Frequently Asked Questions
Is the $50,000 foreign disclosure threshold from NSF’s rules mirrored in NIH’s co-authorship policy?
No. NSF Important Notice No. 149 requires disclosure of foreign gifts and contracts exceeding $50,000 from countries of concern, with a defined statutory basis in the CHIPS and Science Act. NIH’s co-authorship directive has no dollar threshold and no published country list—it sweeps in any foreign institutional affiliation, including EU and UK collaborators. PIs holding both NSF and NIH awards must track two entirely separate disclosure regimes.
Can one training certification satisfy the security requirements across multiple federal agencies?
Yes.
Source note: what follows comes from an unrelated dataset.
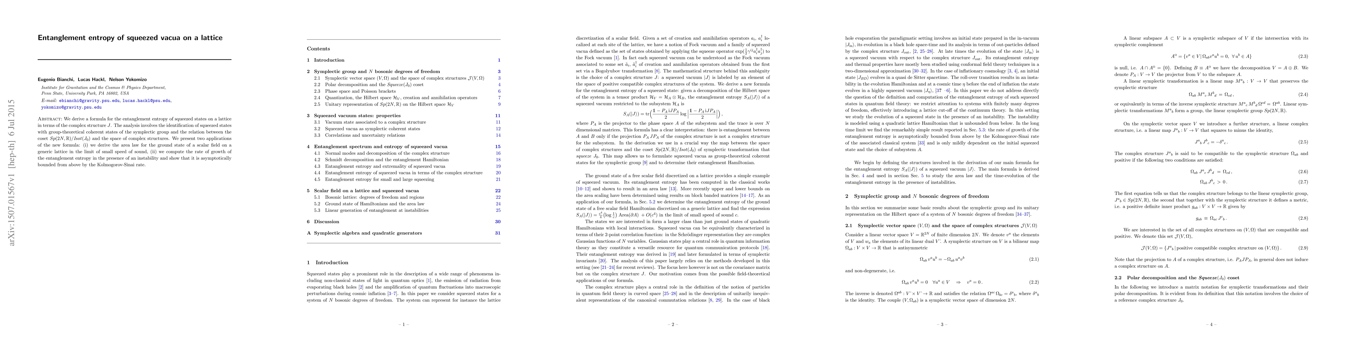 This paper derives a formula for the entanglement entropy of squeezed states on a lattice, linking them to the symplectic group's coherent states and exploring their relation to complex structures. It applies the new formula to demonstrate an area law for scalar field ground states and a bounded growth rate for entanglement entropy in unstable systems.

The SECURE Center’s condensed training module is recognized as compliant by all five major research-funding agencies—NSF, NIH, DOE, DOD, and USDA. A PI with cross-agency funding needs only one certification to satisfy the training mandate across every award, though NIH requires it within 12 months of each application submission.
When does NIH’s Foreign Interference Assessment Tool require formal mitigation strategies?
The tool’s decision matrix defines three tiers: when NIH may request additional information, when mitigation strategies are required, and how disclosures affect funding decisions. It was built for grant-application-stage review, not the manuscript-submission stage where the current co-authorship pressure is landing, so it does not address the pre-clearance scenario PIs now face.
Does the co-authorship directive apply only to collaborators from countries of concern like China?
No country list has been published. NIH has not specified which foreign affiliations trigger the requirement, and the directive’s scope—communicated informally to individual grantees—covers any foreign institutional affiliation. Labs with steady EU, UK, and Canadian collaborators face the same per-paper clearance friction as those working with Chinese institutions.
Are preprints and conference abstracts subject to the same clearance requirement as journal articles?
Because the requirement is being conveyed through individual grantee contacts rather than a formal policy document, there is no written guidance distinguishing between publication types. Preprint servers, conference proceedings, and working papers could all fall under the same pre-clearance obligation absent formal NIH clarification. PIs should assume the broadest scope until an agency-wide directive is issued.